El simple sentido común no puede llevarlos muy lejos en la dimensión del inconsciente, que se expresa de un modo muy absurdo, y que es precisamente lo que Lacan empieza a hacer”. J. A. Miller

a.

Daniil Kharms ocurrió en una época donde hacerse el gracioso podía llevarte a morir. Bueno, de hecho, eso le pasó. Pero todo el tiempo previo a que le pasara eso Daniil tenía su propia vida, la que convirtió en arte. ¿Cómo se hace de una vida arte? Parece una pregunta absurda, y sin embargo arremetemos. ¿Cómo se hace de una vida, arte, y arte del absurdo? Ya desde antes de Daniil (un fabuloso ruso nacido en 1905), Sigmund Freud dedicaba parte de sus trabajos a desestimar, poner a raya, diferenciar, el absurdo de todo lo que él iba hallando en su camino hacia lo inconsciente. El absurdo le estorbaba porque promovía el sin sentido, y eso mismo escuchaba con sus maravillosos oídos en las fuertes réplicas que le hacían los de su tiempo (aunque ahora también1, pero él ya no puede escucharlos). Freud insistía que no era todo sin sentido, que había una lógica, que se podían reconducir olvidos, chistes, fallidos, y encontrar su determinación, lo inconsciente.

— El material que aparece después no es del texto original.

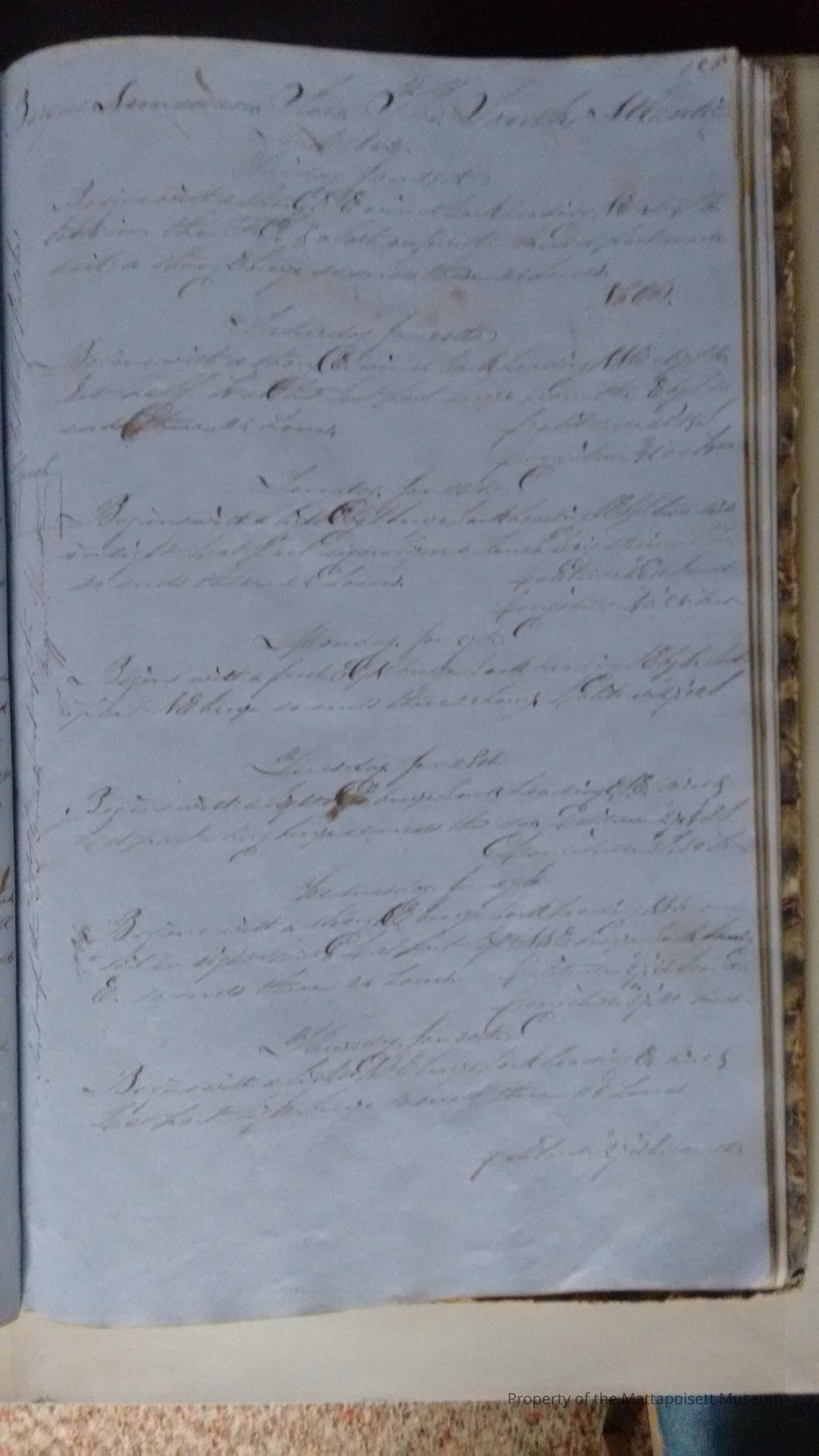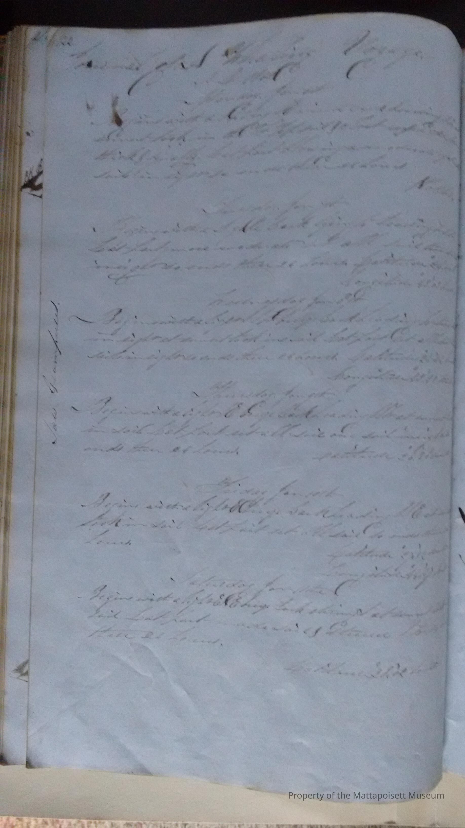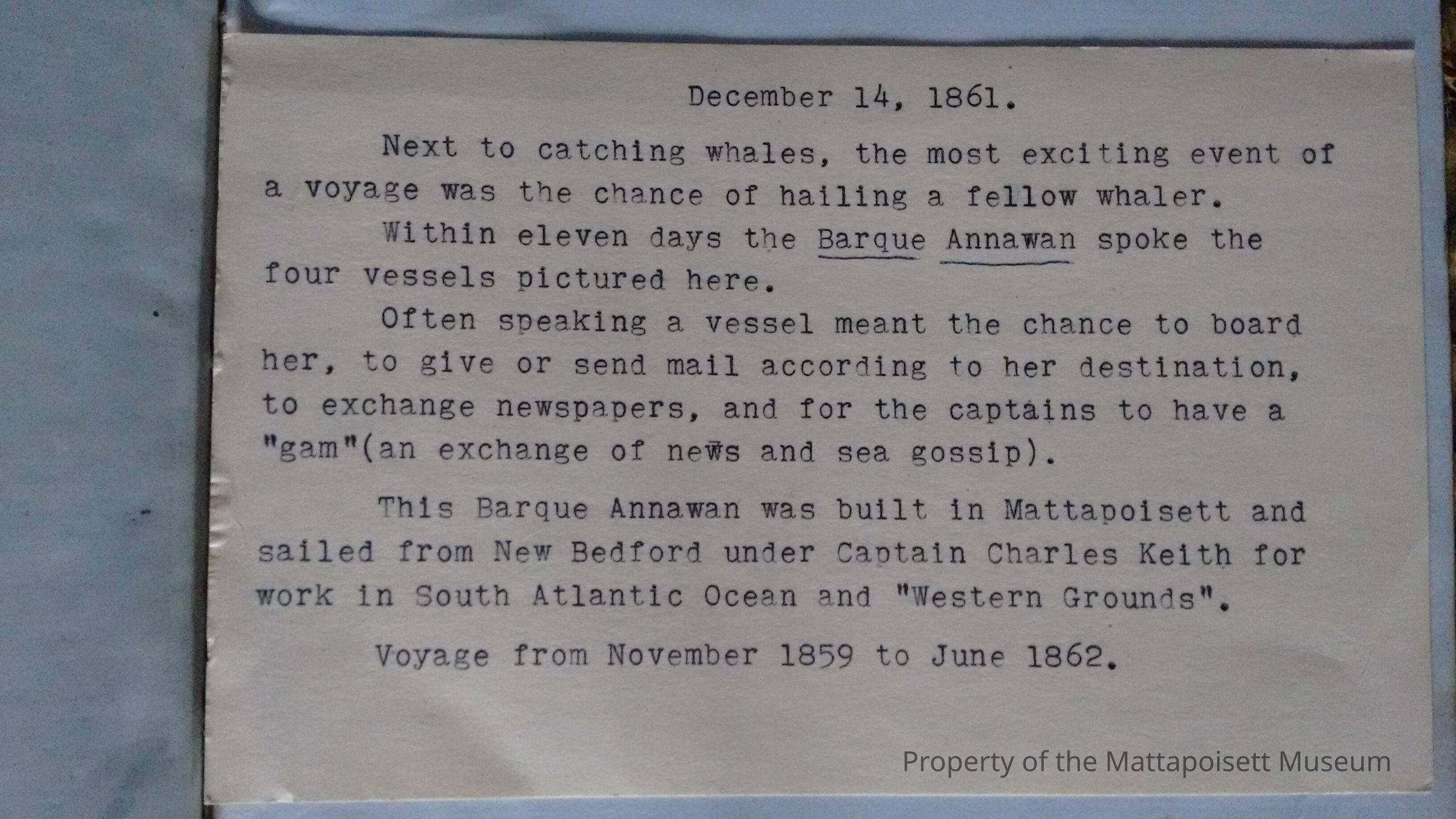 Log book of Bark Annawan, voyage from November 1859 to June 1862. Whale, ship and anchor stamps. Some of the writing has faded.Acquisition
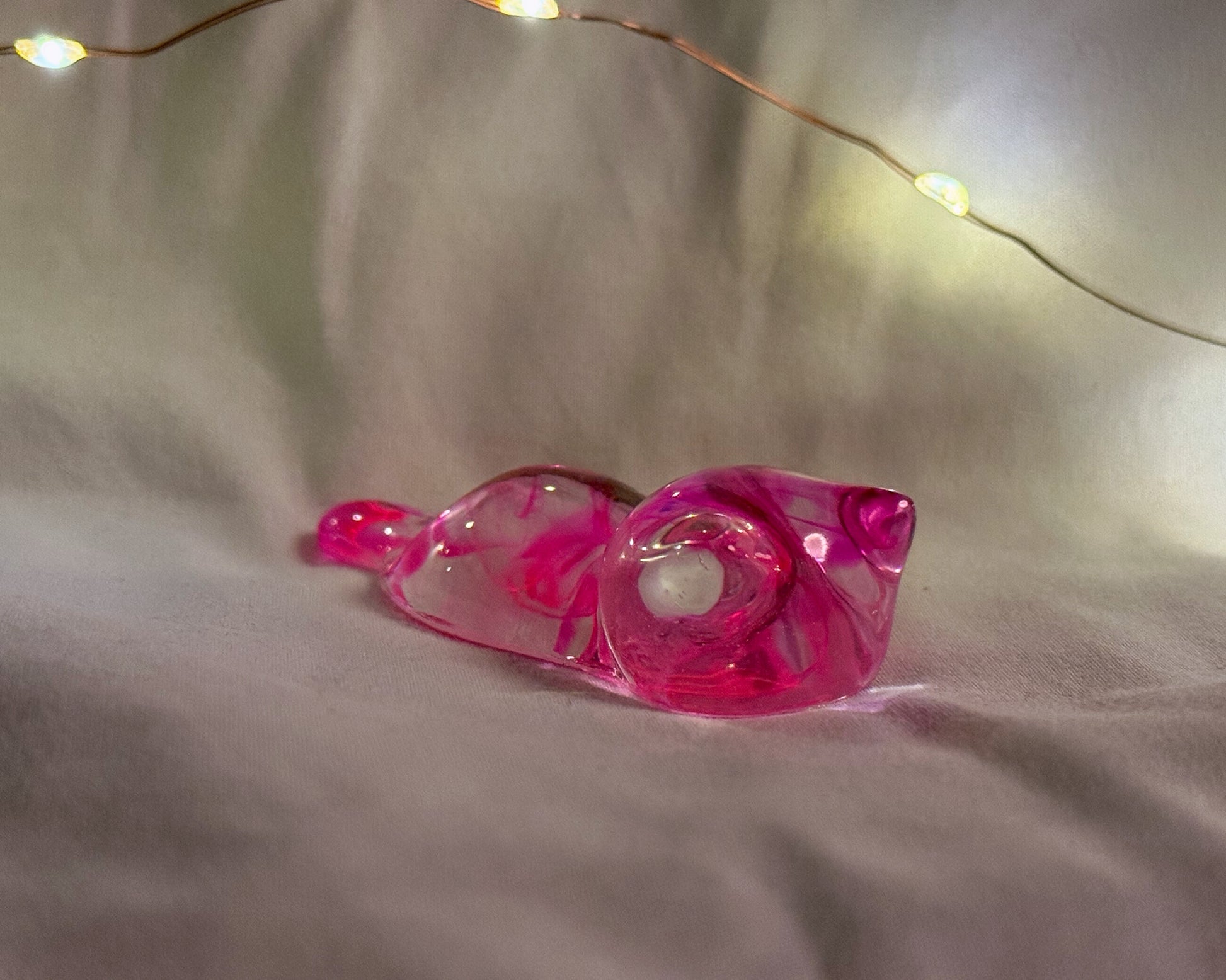 The Tiny Cat Pink Rose brings a touch of playfulness and sweetness to any space. Its vivid rose tones glow softly in the light, capturing the warmth of a blooming flower in resin form. Handcrafted with care, this little cat is full of life, charm, and delicate beauty — a joyful keepsake for collectors and cat lovers alike.

Por eso en Psicopatología de la vida cotidiana, busca lo fuera de la conciencia, y que tiene sin embargo una explicación, una consistencia. Uno de los tantos argumentos que sostiene haciéndose eco de R.M. Meyeres que no se puede componer deliberadamente y mediante el libre albedrío un absurdo2. Así como Freud, Daniil no se encontraba sólo frente a las réplicas, pero su búsqueda no era lo inconsciente, lo cifrado, lo descifrado (aunque podía pasearse por el escenario con el gorro de Sherlock Holmes3 gran descifrador de enigmas, montado en una bicicleta y recitando poesía) sino tomar el absurdo como una excusa. Para eso fundó con otros laOberiu, que significa Asociación por el Arte Real (formado por las iniciales de las palabras rusas); un grupo literario, que también abarcaba cine, teatro, performance, etc. Se autotitulaban “pensadores naturales” como una clara declaración absurda. Combatían la petrificación e inercia del gusto aunque sobre gustos no hay nada escrito, gustos son gustos hubiese dicho una amiga; pero nosotros podemos decir que gusto es igual a moda, y la hipocresía del mundo circundante. Veían las ironías de su entorno y sus escritos eran también irónicos4; o sea, decían el método.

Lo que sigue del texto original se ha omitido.